Imagine being at a noisy party. You can:

  • Focus on one conversation while ignoring others
  • Suddenly shift attention when someone says your name
  • Dynamically adjust focus based on relevance

Neural attention works similarly:

  • Each position in a sequence can "focus" on different parts
  • Focus is determined by relevance (similarity)
  • Attention is dynamic—different inputs produce different patterns

1.2 Attention as Weighted Averaging

The Core Operation

At its heart, attention is just a weighted average:

📝text
1output = Σ (weight_i × value_i)

Shapes (keep them in mind for code)

Values: [batch, seq, d_model]; Weights: [batch, seq, seq] after softmax; Output: [batch, seq, d_model] — same length, enriched by context.

Where:

  • value_i is the information at position i
  • weight_i is how much to focus on position i
  • Σ weight_i = 1 (weights form a probability distribution)

A Simple Example

Suppose we want to compute a "context-aware" representation for the word "it" in:

"The cat sat on the mat. It was happy."

What does "it" refer to? Let's say we have embeddings:

🐍python
1cat = [0.8, 0.2, 0.1]  (animal-like)
2mat = [0.1, 0.9, 0.3]  (object-like)
3it  = [0.7, 0.3, 0.2]  (pronoun, somewhat animal-like)

If attention assigns weights:

  • cat: 0.7 (high attention - "it" likely refers to cat)
  • mat: 0.2 (low attention)
  • other words: 0.1

Then the context-enriched representation of "it":

🐍python
1new_it = 0.7 × cat + 0.2 × mat + 0.1 × others
2       = 0.7 × [0.8, 0.2, 0.1] + 0.2 × [0.1, 0.9, 0.3] + ...

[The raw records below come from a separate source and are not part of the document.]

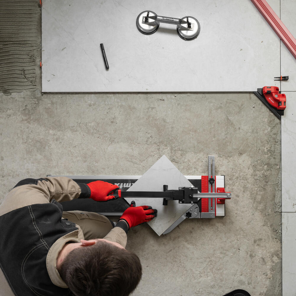 Рельсовый плиткорез MTX 87689 способен резать плитку длиной до 700 мм и толщиной до 16 мм для придания ей необходимых размеров. Мощный разделитель справляется с резкой не только керамической, но и керамогранитной плитки. Продуманная конструкция позволяет производить разлом в любой точке поверхности плитки. Инструмент используется во время проведения облицовочных работ.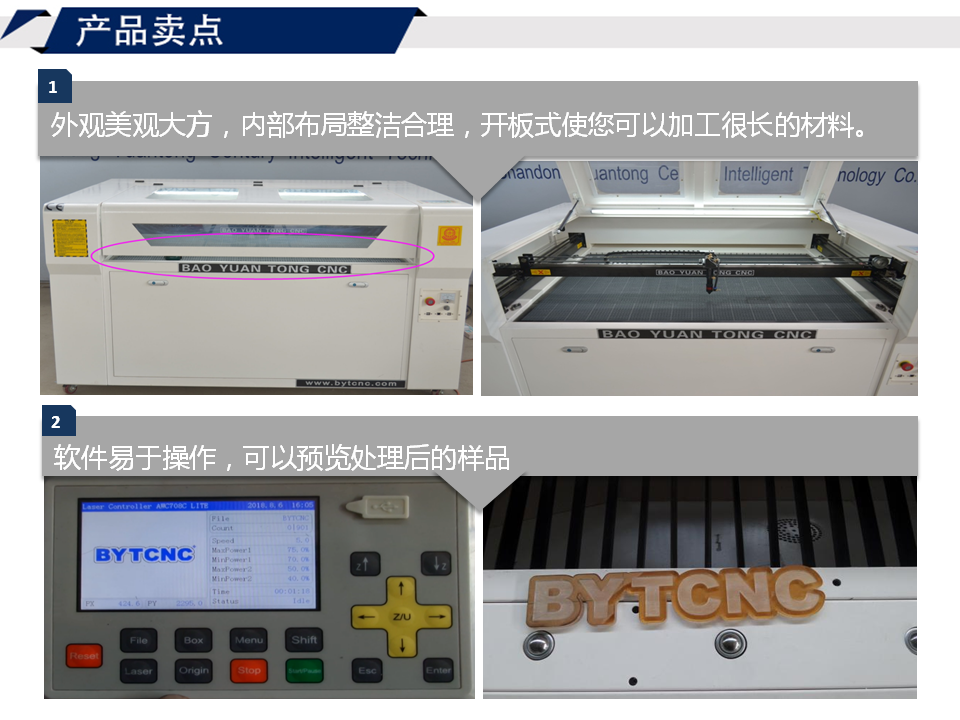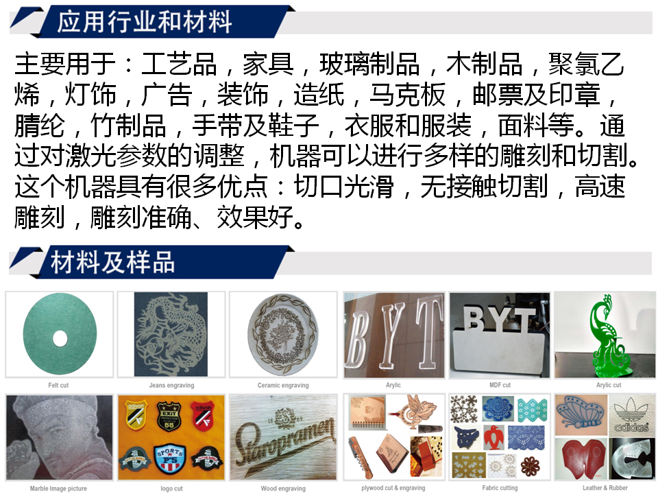 工藝品,家具,玻璃制品,木制品,聚氯乙烯,燈飾,廣告,裝飾,造紙,馬克板,郵票及印章,腈綸,竹制品,手帶及鞋子,衣服和服裝,面料等。通過(guò)對(duì)激光參數(shù)的調(diào)整,機(jī)器可以進(jìn)行多樣的雕刻和切割。這個(gè)機(jī)器具有很多優(yōu)點(diǎn):切口光滑,無(wú)接觸切割,高速雕刻,雕刻準(zhǔn)確、效果好。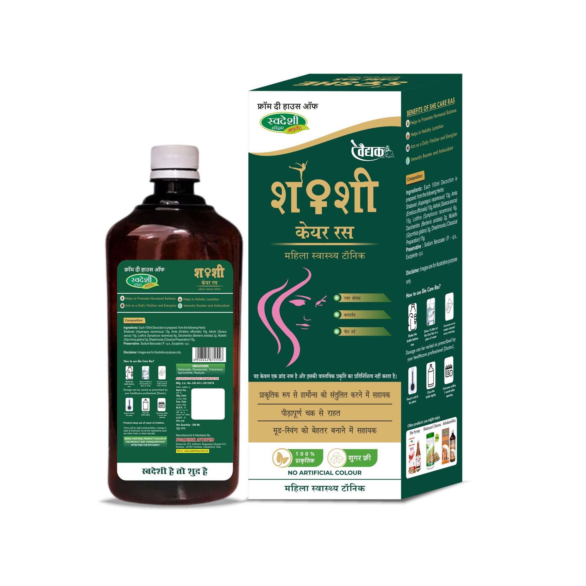 स्वदेशी शी केयर रस पेश है, जो शतावरी, लोधरा, दशमूल और अशोक जैसी आयुर्वेदिक जड़ी-बूटियों का मिश्रण है। यह रस प्राकृतिक रूप से हार्मोन को संतुलित करने, मूड स्विंग को बेहतर बनाने और दर्दनाक मासिक धर्म चक्र से राहत दिलाने में मदद करता है। स्वदेशी शी केयर रस के साथ प्राकृतिक राहत और मासिक धर्म कल्याण का अनुभव करें।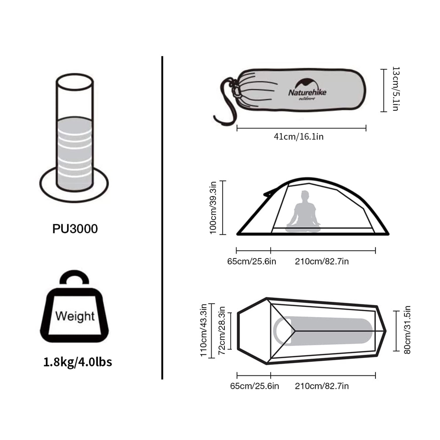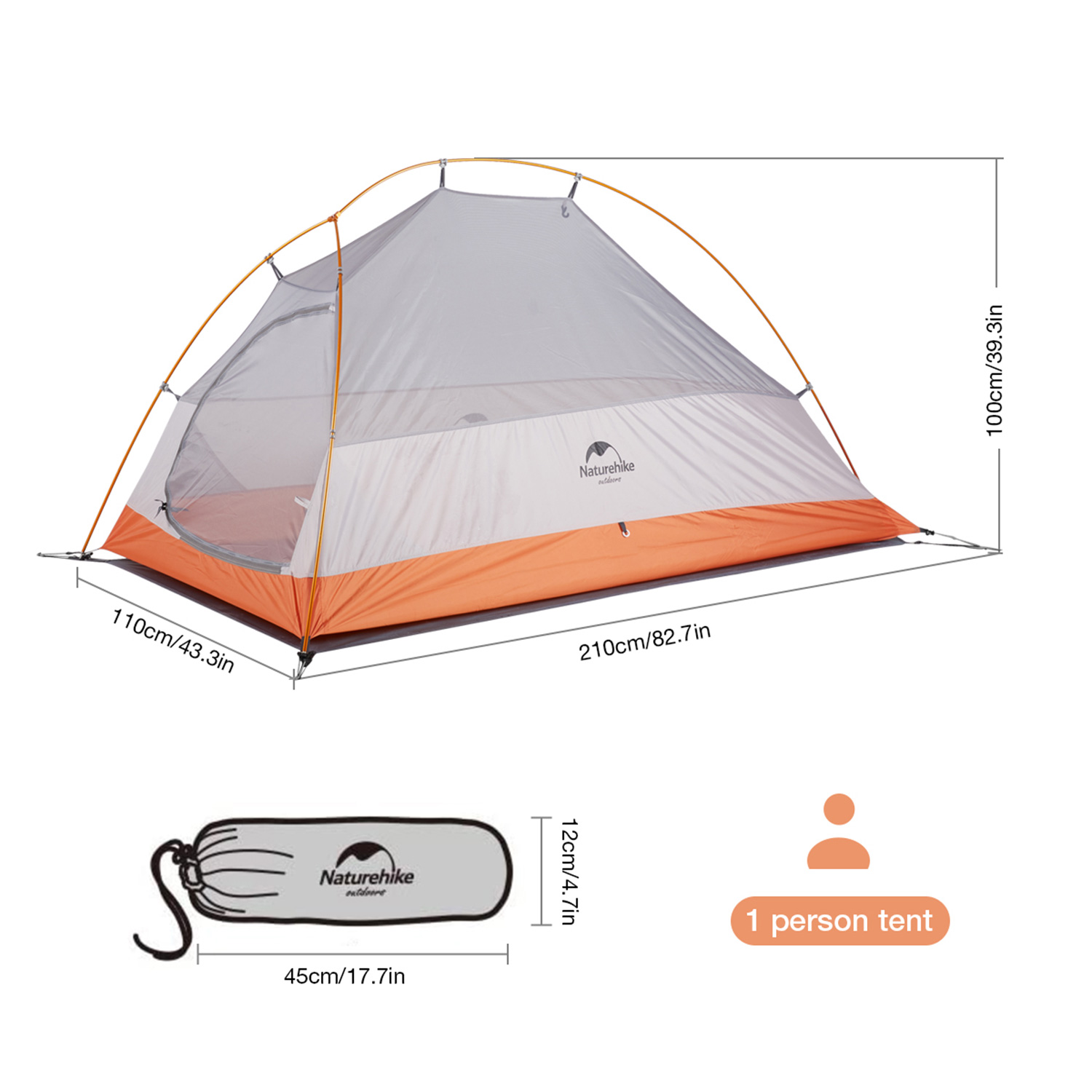 Product Description Previous page Next page Naturehike Cloud Up 1 Person Tent Naturehike Commited to design Light Outdoor Travel Camping gears, the Cloud up 1 Man Tent is lightweight for outdoor backpacking, camping, trekking, cycling. Two kinds of materials and six colors for you to choose. Does the Cloud up 1 Person Tent come with ground sheet(footprint)? Yes, the cloud up 1 Person Tent comes with a ground sheet (footprint), and the footprint is perfect for the Cloud up 1 Person Tent, it works pretty well. Is the naturehike cloud-up 1p tent really freestanding? Yes , it does support itself effectively. The vestibule needs to be pegged out at the front to be effective, you could use a weight on each corner in a pinch though, and the tent sits better when the four corners of the floor are pegged out. Can it be pitched with just the fly? Yes, the tent fly and inner tent can be used separately. Is this good for winter in snow? No, this cloud up 1 person tent is a 3 season backpacking tent without snow skirt. Naturehike Lightweight Backpacking Tent Cloud up 1 Person Tent Add to Cart VIK 1 Person Tent Add to Cart Cycling 1 Person Tent Add to Cart Cloud up 2 Person Tent Add to Cart Cloud up 3 Person Tent See Details Customer Reviews 4.4 out of 5 stars 1,144 4.3 out of 5 stars 414 4.5 out of 5 stars 652 4.5 out of 5 stars 2,141 4.5 out of 5 stars 859 Price $119.00$119.00 $119.00$119.00 $99.99$99.99 $135.00$135.00 — Capacity 1 Person Tent 1 Person Tent 1 Person Tent 2 Person Tent 3 Person Tent Item Weight 3.3 lbs 2.95lbs 3.63lbs 3.97 lbs 5.9lbs Item Dimensions 82.7 x 43.3 x 39.7 inch 82.7 x 37.4 x 37.4 inch 80.7 x 37.4 x 43.3 inch 82.7 x 49.2 x 41.3 inch 84.6 x 70.8 x 43.3 inch Material 20D Silicone coated Nylon 15D Silicone coated Nylon 20D Silicone coated Nylon 20D Silicone coated Nylon 210T Polyester Packed Size 16.1 x 5.1 x 5.1 inch 18 x 6 x 6 inch 15.7 x 5.9 x 5.9 inch 17x 4 x 4 inch 20 x 7.1 x 7.1 inch

Now "it" carries information about what it refers to!

Tiny numeric sanity check

If weights = [0.7, 0.2, 0.1] and values are 3D vectors, the weighted sum must stay within the convex hull of those vectors. If it doesn't, your softmax or masking is wrong.

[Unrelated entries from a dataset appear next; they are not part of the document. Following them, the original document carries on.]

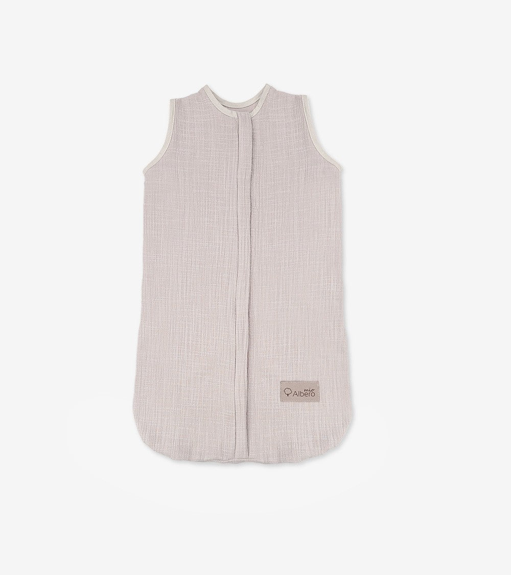 - Miegmaišis puikiai tinka vasarai, nes jis pagamintas iš muslino audinio, idealiai tinkančio šiam metų laikui. Muslinas - tai audinys, pagamintas iš 100 % medvilnės. Dėl būdingo laisvo pynimo audinys yra minkštas, švelnus, sugeriantis ir erdvus. Medvilninis muslinas yra minkštas ir malonus kūdikio odai, tačiau labai patvarus. Su kiekvienu skalbimu muslinas tampa vis minkštesnis ir minkštesnis, o dėl natūralaus "raukšlėjimosi" jo nereikia lyginti. Jis laikomas vienu švelniausių ir gryniausių audinių, pasižymi antialerginėmis savybėmis. - Jam būdinga raukšlėta struktūra ir papildomi siūlai, kurie sukuria subtilų raštą, primenantį lino tekstūrą.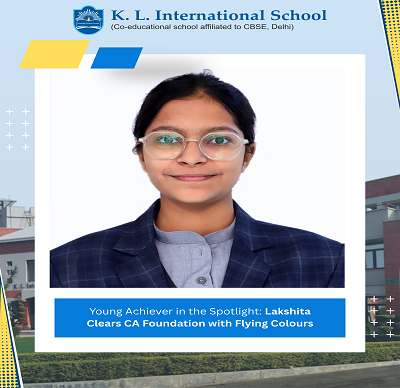 K. L. International School proudly congratulates its bright student Lakshita (Session 2024–25) for successfully clearing the CA Foundation Examination (January 2026) with an impressive score of 256 marks. The examination is conducted by the esteemed Institute of Chartered Accountants of India.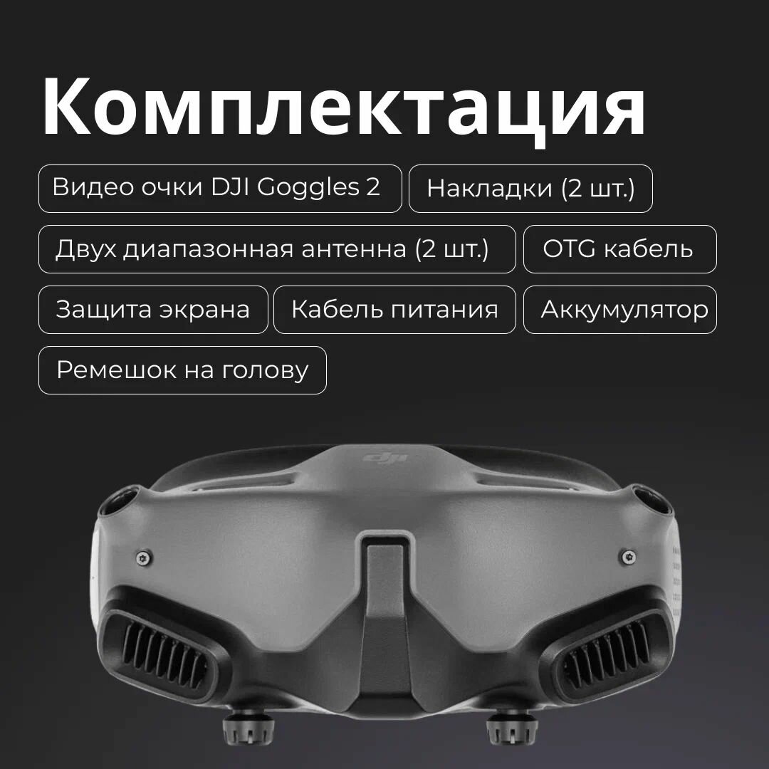 | Комплектация | видеоочки DJI Goggles 2, две двухдиапазонные антенны DJI Goggles 2, две накладки, защита экранов, кабель питания, ремешок на голову, аккумулятор, OTG кабель |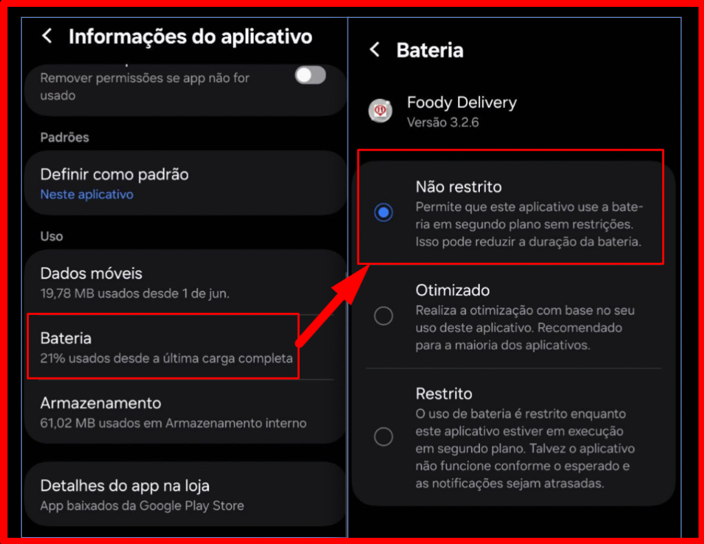 Para desativar a otimização de bateria, siga o passo a passo a seguir:

1.3 The Query-Key-Value Framework

The Database Analogy

Think of attention like searching a database:

ConceptDatabaseAttention
QuerySearch term"What am I looking for?"
KeyIndex entries"What does each item contain?"
ValueActual data"What information should I return?"

Process:

  1. Compare Query to all Keys (compute similarity)
  2. Use similarities to create attention weights
  3. Return weighted combination of Values

Example: Finding a Book

Query: "machine learning Python"

Database entries:

Key (Title/Tags)Value (Content)
"ML algorithms Python"Chapter on scikit-learn...
"Web development JavaScript"React tutorial...
"Deep learning PyTorch"Neural networks...

Process:

  1. Match query to keys: ML→high, Web→low, Deep→medium
  2. Weights: [0.6, 0.05, 0.35]
  3. Return: Mostly scikit-learn chapter, some PyTorch

In Neural Networks

For each position in a sequence:

📝text
1Query:  "What information do I need?"  (from current position)
2Keys:   "What information do I have?"  (from all positions)
3Values: "What information can I give?"  (from all positions)

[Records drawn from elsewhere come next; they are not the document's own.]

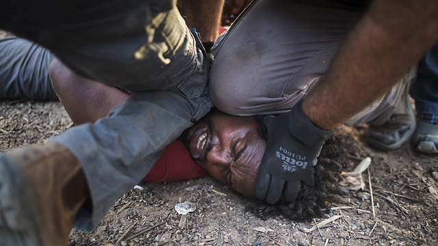 פקחי רשות ההגירה עוצרים בכוח מבקש מקלט במהלך הפגנה.ליד גבול מצרים, 29.6.2014. צילום: אורן זיו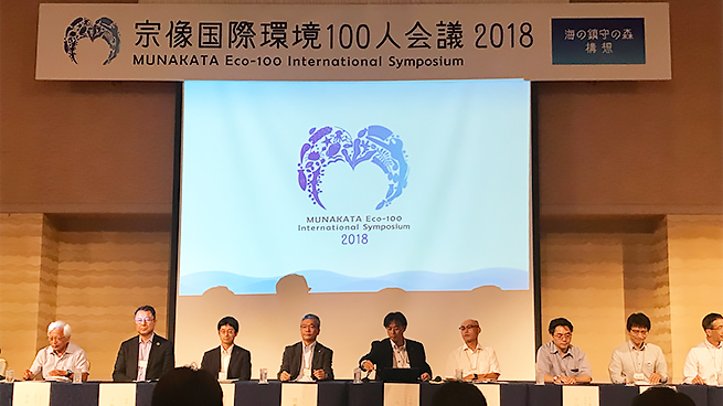 NTT西日本グループは、環境保護を推進し、地域社会の発展に貢献する取り組みの一環として、福岡県宗像市で開催される「宗像国際環境100人会議」の実行委員会に2017年12月から参画しています。同会議は、玄界灘の海水温度の上昇により、沿岸部に広がる磯焼け、マイクロプラスティック製の漂着ゴミをはじめとした問題を中心に、海をメインテーマに各分野で活躍するリーダーや国内外の学識経験者、自治体、企業、NPO、メディアなどが集結し、解決策を協議するシンポジウムです。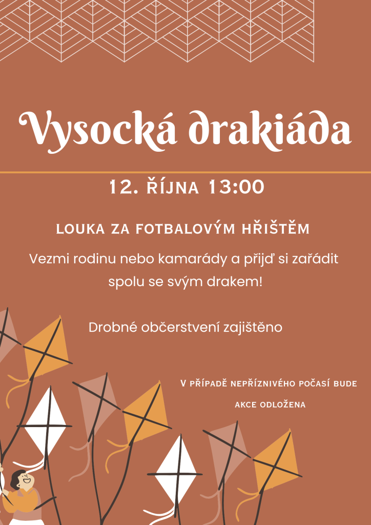 Pouštění draků s drobným občerstvením na louce poblíž fotbalového hřiště
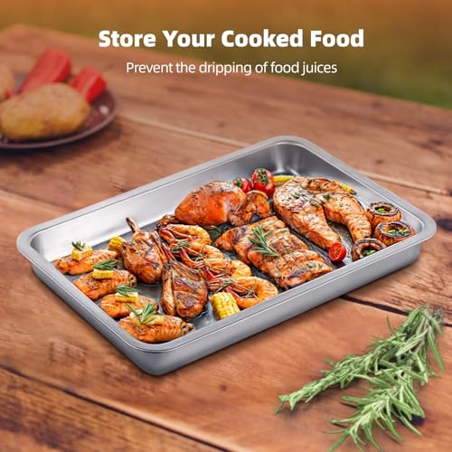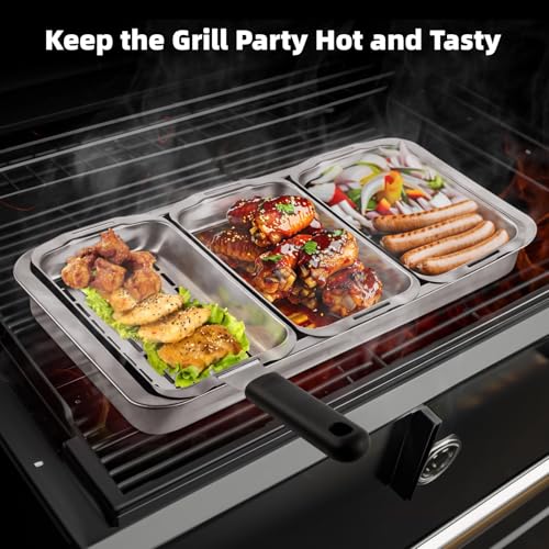 【Premium Stainless Steel Construction】- These stainless steel bbq pans for grilling are made with food-grade, heavy-duty stainless steel that resists rust and corrosion. Built to last, they are durable enough to handle high-heat grilling and ensure safe cooking for your loved ones.

The key insight: Q, K, V are all learned transformations of the same input!

🐍python
1Q = input @ W_Q  # Learn what to look for
2K = input @ W_K  # Learn what to advertise
3V = input @ W_V  # Learn what to provide

Avoid over-interpreting attention

Attention weights show where information flows, not strict causality or “explanations.” Different heads/layers can disagree; use attention patterns as clues, not proof.

1.4 Self-Attention vs Cross-Attention

Self-Attention

All of Q, K, V come from the same sequence.

Used in: Encoder self-attention, decoder self-attention

📝text
1Input:  "The cat sat"
2        ↓   ↓   ↓
3       [e1, e2, e3]  (embeddings)
4        ↓   ↓   ↓
5Q:     [q1, q2, q3]  (queries from same input)
6K:     [k1, k2, k3]  (keys from same input)
7V:     [v1, v2, v3]  (values from same input)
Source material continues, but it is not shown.